Artificial Neural Network for the Identification of Postural Instability in Subject Wearing Lower Limb Exoskeleton

Abstract

Real-time processing of human response to external disturbances assumes a key role in the design of control systems for lower limb exoskeletons. However, the automatic recognition of human intention movement is still an untapped issue in robotics, especially when focusing on stability. In this study, we investigated the feasibility of using Artificial Neural Networks (ANN) to predict human postural response to perturbations in different directions. Fourteen healthy adults underwent standard baseline perturbations via a benchmarking system, B.E.A. T, while wearing the EXO-H2, a lower-extremity exoskeleton. Lower limb kinematics were measured using seven inertial sensors. The B.E.A.T. platform provided four perturbative scenarios with 8° tilt steps and tilt directions, following the four cardinal directions of north, east, south, and west.

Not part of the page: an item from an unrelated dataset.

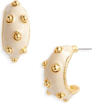 A dimensional polka dot design elevates the texture of these 24-karat gold-plated hoops.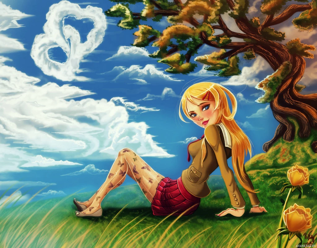 blonde hair. She is sitting on the grass, leaning against a tree that appears to be in

A set of5 ANNs with different kernels was tested to predict the four perturbative responses. Features extracted from lower limb joint angles were used to train and test the algorithms. The highest accuracy (95.3%) was obtained when applying the Narrow Neural Network. The lowest/highest values of true-positive/false-negative rates were found in the north direction. Our results provide relevant information to implement a similar algorithm in the control system of lower limb exoskeletons for instability management.